[Stored items]
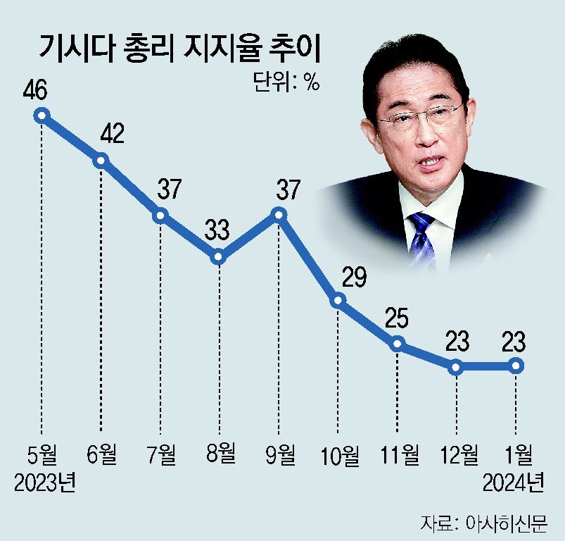 22일 아사히신문이 발표한 여론조사 결과에 따르면 기시다 총리 지지율은 23%로 1개월 전과 같은 수준이었다. 같은 날 요미우리신문 여론조사에서는 지난해 12월보다 1%포인트 하락한 24%로 기시다 총리 취임 이후 최저 수준을 기록했다. 일본에서는 총리 지지율이 20% 안팎이면 정권 퇴진 수준으로 평가된다.
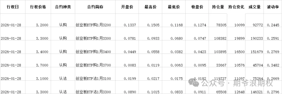 (3)创业板ETF期权:12月最大持仓范围3100-3300,今收3.287,下跌0.72%。期权1月合约,认购和认沽全部都是增仓。认购增仓集中在3100-3700,合计7.4W张;认沽以增仓为主,集中在2800-3500,合计4.7W张。变化超过1W张的仓位如下:
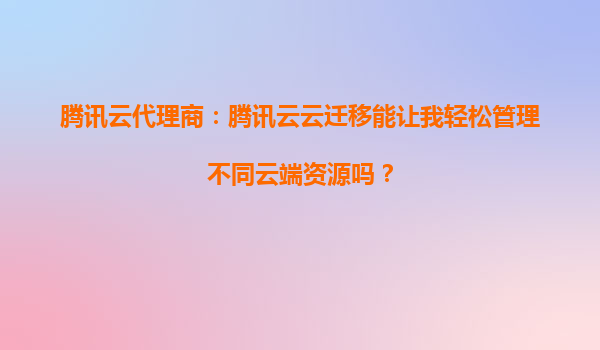 腾讯云代理商:腾讯云云迁移能让我轻松管理不同云端资源吗?
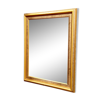Large old louis philippe mirror dating from the late 19th century. The frame has been internally repatinated to restore it to its original shine. Some traces of time are visible on the frame, the ice is pricked and has some scratches in some places. Original complete parquet floor on the back. Height: 147 cm. Width: 87 cm.
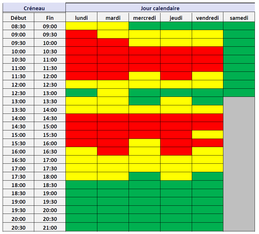 Le tableau ci-dessous représente l’activité relative des centres de relais téléphonique (CRT) pour chaque créneau d’une demi-heure. Les créneaux horaires sont regroupés en fonction de leur charge : en vert le tiers le moins chargé, en jaune le tiers moyennement chargé, en rouge le tiers le plus chargé.
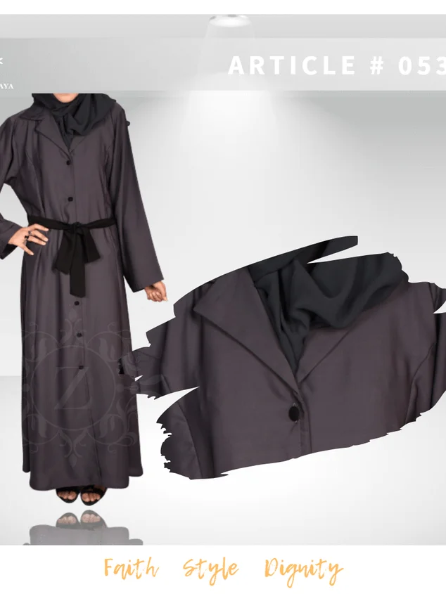 Our Nida Coat Style Abaya combines the comfort of Nida fabric with the modern elegance of a coat silhouette. The sleek black belt adds a touch of sophistication, cinching the waist and creating a flattering silhouette.
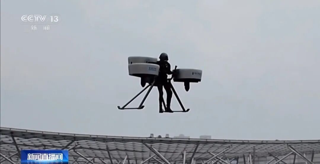 此前,飞行背包在会场外的指定区域进行试飞,为了保证安全,目前还用的是假人。飞行背包还配置有一套自动弹射降落伞来保障安全。未来这样的飞行背包能带你体验1000米以下,10公里以上的空中飞行航程。

**WHAT THE TASK ASKS**
Without carrying over any picture, retype the records above word for word.

**ANSWER SPACE**
 22일 아사히신문이 발표한 여론조사 결과에 따르면 기시다 총리 지지율은 23%로 1개월 전과 같은 수준이었다. 같은 날 요미우리신문 여론조사에서는 지난해 12월보다 1%포인트 하락한 24%로 기시다 총리 취임 이후 최저 수준을 기록했다. 일본에서는 총리 지지율이 20% 안팎이면 정권 퇴진 수준으로 평가된다.
 (3)创业板ETF期权:12月最大持仓范围3100-3300,今收3.287,下跌0.72%。期权1月合约,认购和认沽全部都是增仓。认购增仓集中在3100-3700,合计7.4W张;认沽以增仓为主,集中在2800-3500,合计4.7W张。变化超过1W张的仓位如下:
 腾讯云代理商:腾讯云云迁移能让我轻松管理不同云端资源吗?
Large old louis philippe mirror dating from the late 19th century. The frame has been internally repatinated to restore it to its original shine. Some traces of time are visible on the frame, the ice is pricked and has some scratches in some places. Original complete parquet floor on the back. Height: 147 cm. Width: 87 cm.
 Le tableau ci-dessous représente l’activité relative des centres de relais téléphonique (CRT) pour chaque créneau d’une demi-heure. Les créneaux horaires sont regroupés en fonction de leur charge : en vert le tiers le moins chargé, en jaune le tiers moyennement chargé, en rouge le tiers le plus chargé.
 Our Nida Coat Style Abaya combines the comfort of Nida fabric with the modern elegance of a coat silhouette. The sleek black belt adds a touch of sophistication, cinching the waist and creating a flattering silhouette.
 此前,飞行背包在会场外的指定区域进行试飞,为了保证安全,目前还用的是假人。飞行背包还配置有一套自动弹射降落伞来保障安全。未来这样的飞行背包能带你体验1000米以下,10公里以上的空中飞行航程。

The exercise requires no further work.